Make no mistake, Channel 4’s decision to choose Leeds for their new national headquarters is a game changer for the city.
The decision was fantastic recognition for the hard work put into the bid by people in the creative and digital sectors in Leeds, the Local Enterprise Partnership, as well as local authority partners in Leeds, Bradford and York.
The move will galvanise our already thriving creative sector. It will attract more companies in the TV/production field to relocate here – three new production companies already with more announcements to come. Most importantly it will create jobs and opportunities for children and young people.
Attracting investment and jobs to create opportunities for young people has never been more vital - particularly as it provides more routes for people to fight their way out of poverty. Fourteen thousand more people in Leeds have been pushed into poverty by austerity since 2010. There are now a total of 164,000 people, of which 26,000 are children, living in poverty in Leeds.
This includes people forced to choose between food and fuel for their children. It includes people in receipt of Universal Credit and it includes people in low paid jobs, with 65,000 workers in Leeds earning below the Living Wage Foundation’s living wage.
Rising levels of UK children growing up in poverty is “not just a disgrace, but a social calamity and an economic disaster.” These words are not taken from a political rally or a point scoring talk show. Unbelievably they are from a report by a United Nations envoy who came to investigate the effects eight years of austerity has had on poverty in this country. The report found that the Government’s policies of austerity pursued since 2010 have inflicted great misery on millions of children “who are locked into a cycle of poverty from which most will have great difficulty escaping.” It found the Government has deliberately chosen to target austerity at the poor and scandalously at the same time diverted money to fund tax cuts for the wealthy instead. At the council we have a clear commitment to tackling poverty and we recognise how culture and creativity can be harnessed to help create more jobs and opportunities to help young people progress and improve their life chances.
Our commitment to supporting the creative sector was one of the many reasons we were successful in attracting Channel 4, as well as the fact West Yorkshire is now increasingly seen as one of the coolest places to live. The creative sector already supports around 53,000 jobs here and that figure is increasing.
We have seen how businesses in the sector recognise the need to work with young people to ensure they become aware of the opportunities available to them. Look at Burberry, who have relocated their global support services from London to Leeds city centre.
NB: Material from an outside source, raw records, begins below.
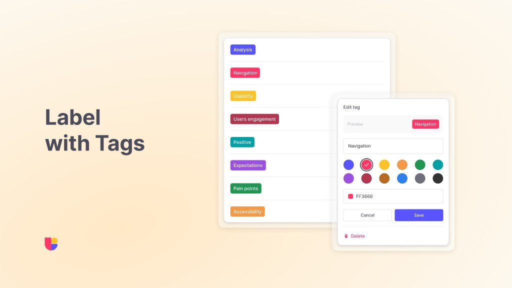 As your highlights start to pile up, Tags keep everything organized. Add labels like friction, delight, or navigation issue to spot recurring themes across sessions. You can also leave notes directly under each Highlight to capture quick thoughts, reactions, or context to make it easy for teammates to understand the purpose behind every clip.
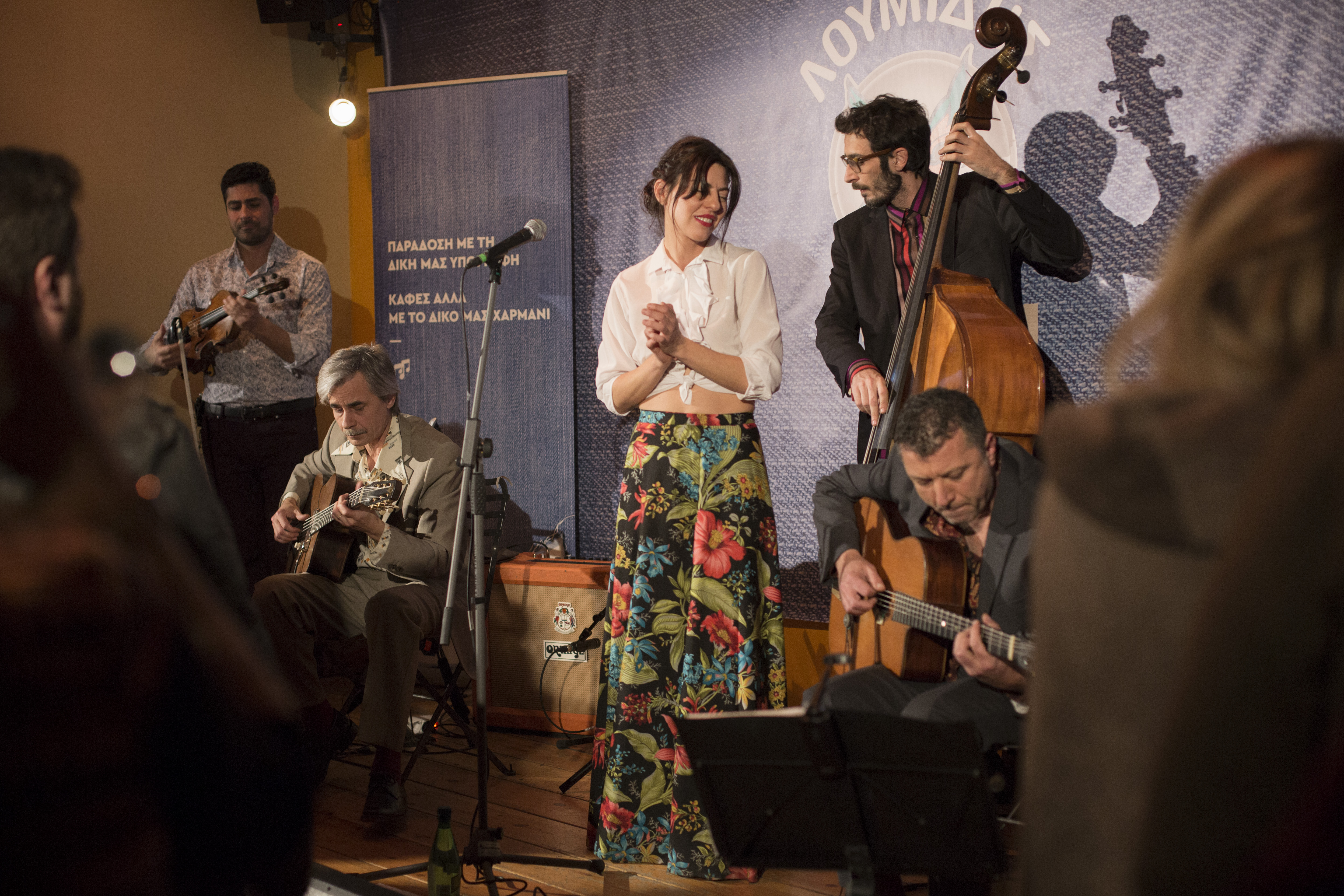 Τελικά ταιριάζει πολύ να πίνεις ζεστό, μοσχομυριστό ελληνικό καφέ και να ακούς το αγαπημένο σου συγκρότημα! Δημιουργεί μια αίσθηση ζεστασιάς και οικειότητας, όπως όταν βρίσκονται δύο φίλοι απ’ τα παλιά και τα λένε. Οι φίλοι μας σε αυτήν την περίπτωση ήταν οι Gadjo Dilo. Η Ηλιάνα Τσαπατσάρη, η φωνή του gipsy jazz συγκροτήματος, μας φώτιζε με το χαμόγελό της και το κέφι της.
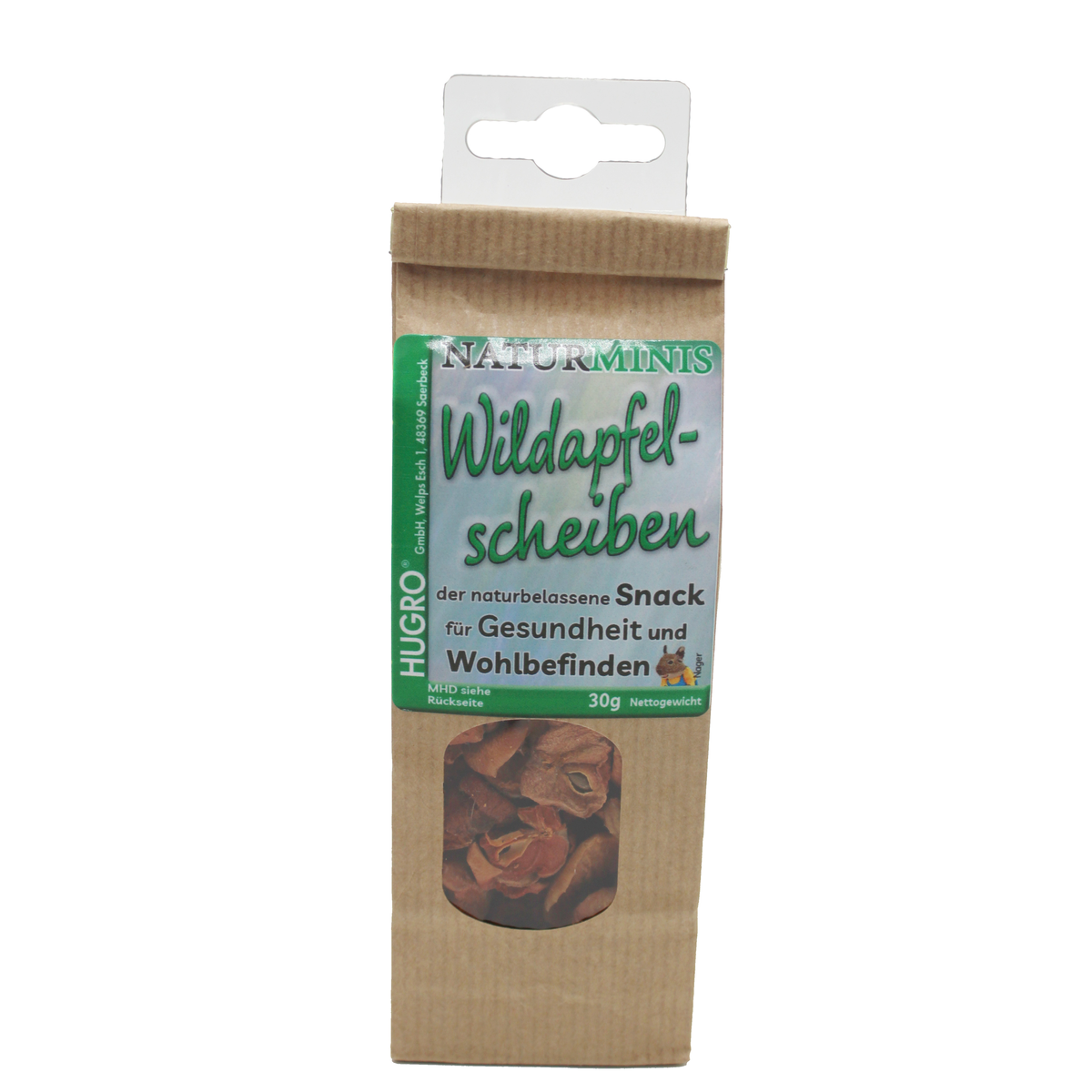 HUGRO Nagertraum Wildapfelscheiben sind ein Einzelfuttermittel für Zwergkaninchen und Nager.
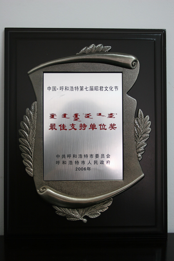 中國·呼和浩特第七屆昭君文化節(jié)最佳支持單位獎(jiǎng)
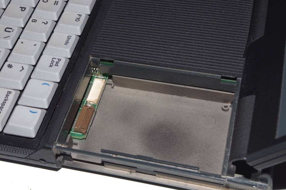 P:) zur Verfügung. Extern sollten über die Kombischnittstelle ACSI/FDD Geräte wie ein CD-ROM-Laufwerk oder ein Diskettenlaufwerk angeschlossen werden können, zumindest letzteres befand sich bereits im Entwicklungsstadium, bevor das Notebook wieder eingestellt wurde.
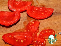 Помидоры разрезать на 4 части, удалить зернышки и сок. Нарезать на небольшие кусочки.. |
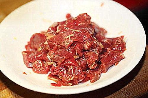 3. 将腌制好的牛肉放入搅拌机中,加入适量的淀粉,搅拌均匀。
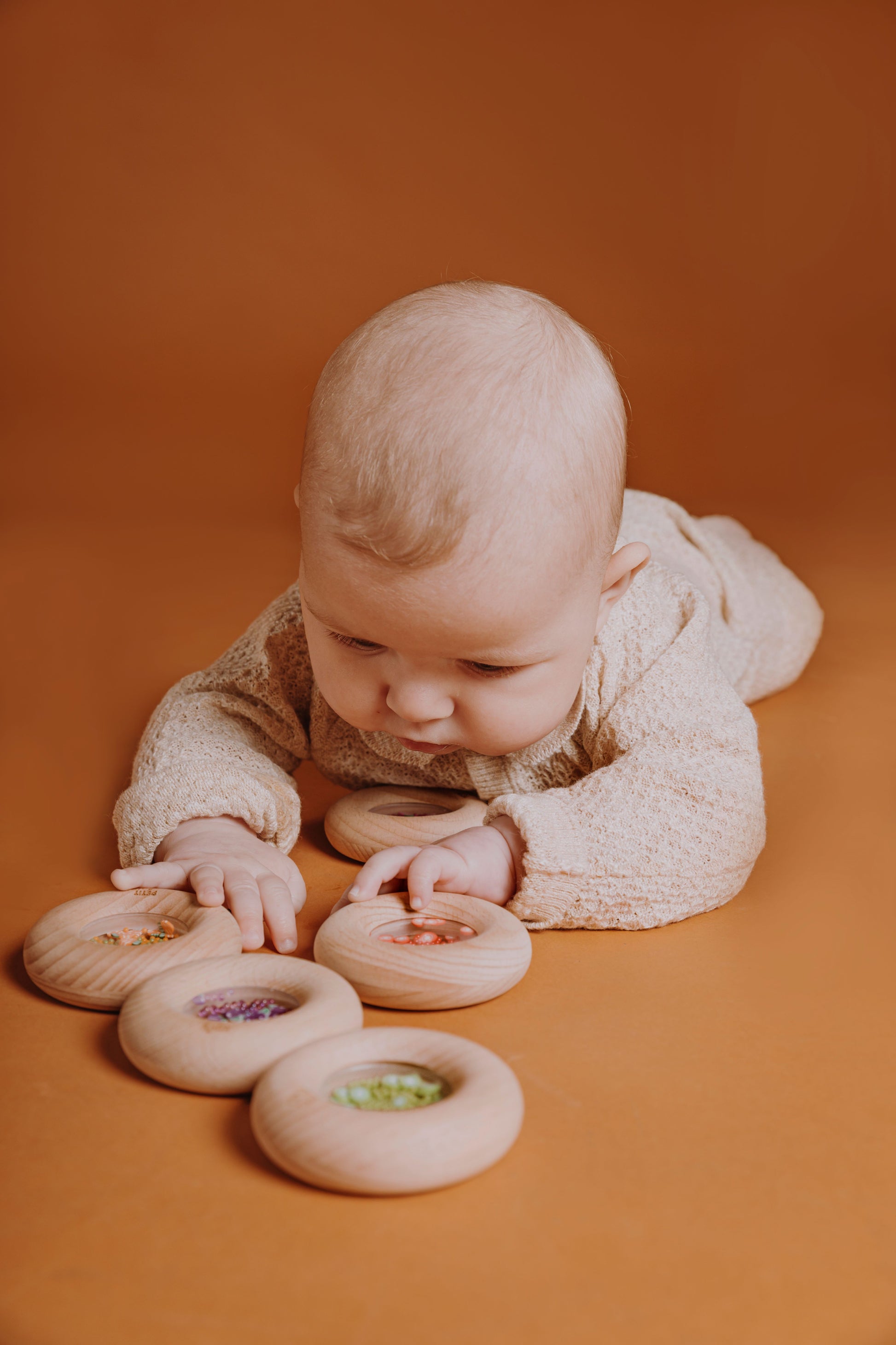 De sensorische donuts van Petit Boum zijn kleurrijke, transparante ringen boordevol glinsterende vulling en zachte geluidjes die de zintuigen stimuleren. Baby’s en peuters kunnen ze makkelijk vasthouden, draaien en schudden voor een betoverende visuele en auditieve ervaring. Ze zijn perfect voor nieuwsgierige handjes en ogen, en bevorderen spelenderwijs de ontwikkeling. Een vrolijk, veilig én magisch speeltje voor de allerkleinsten!
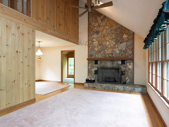 Reduced with all offers Considered. Wonderful rustic traditional home. Sitting on 4.43 acres of landscaped and wooded lots. Two car detached garage with bathroom and full upstairs. Inside the house is a large living room with fireplace, dining room, sun room, master on the main and bath, kitchen and mudroom. Upstairs are 2 bedrooms and a bath. Full basement with wood stove. Being sold AS-IS with no Disclosure.
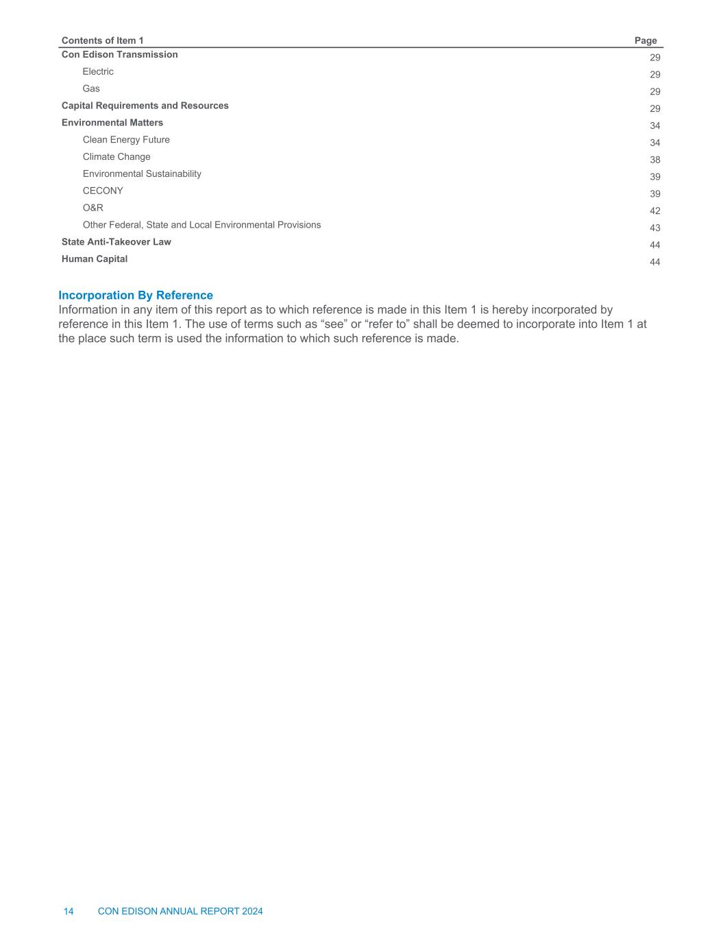 Contents of Item 1 Page Con Edison Transmission 29 Electric 29 Gas 29 Capital Requirements and Resources 29 Environmental Matters 34 Clean Energy Future 34 Climate Change 38 Environmental Sustainability 39 CECONY 39 O&R 42 Other Federal, State and Local Environmental Provisions 43 State Anti-Takeover Law 44 Human Capital 44 Incorporation By Reference Information in any item of this report as to which reference is made in this Item 1 is hereby incorporated by reference in this Item 1. The use of terms such as “see” or “refer to” shall be deemed to incorporate into Item 1 at the place such term is used the information to which such reference is made. 14 CON EDISON ANNUAL REPORT 2024
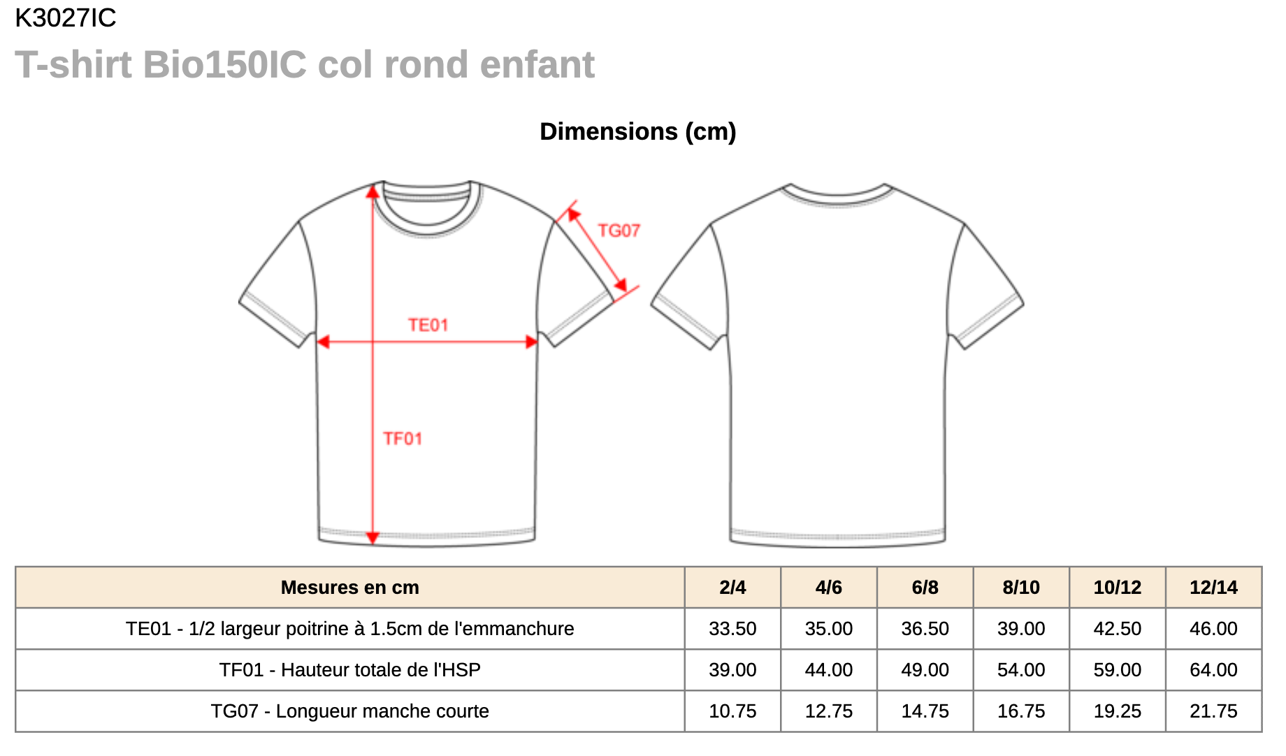 ⚠️ TABLEAU DE DIMENSIONS EN BAS DE PAGE

This not only means 300 more jobs but, through the Burberry Foundation, it is investing extensively in creative programmes in some of our most disadvantaged schools.
Working alongside Leeds Playhouse, Leeds Young Film, the Hepworth Wakefield and Northern Ballet, Burberry is a fantastic example of a business making a real difference in our communities. Burberry and Channel 4 are just two instances of the enormous benefits attracting companies to locate to Leeds can bring to young people and, in the longer term, the contribution this can make to tackling the growing levels of poverty that austerity is making more and more prevalent in many communities across Leeds.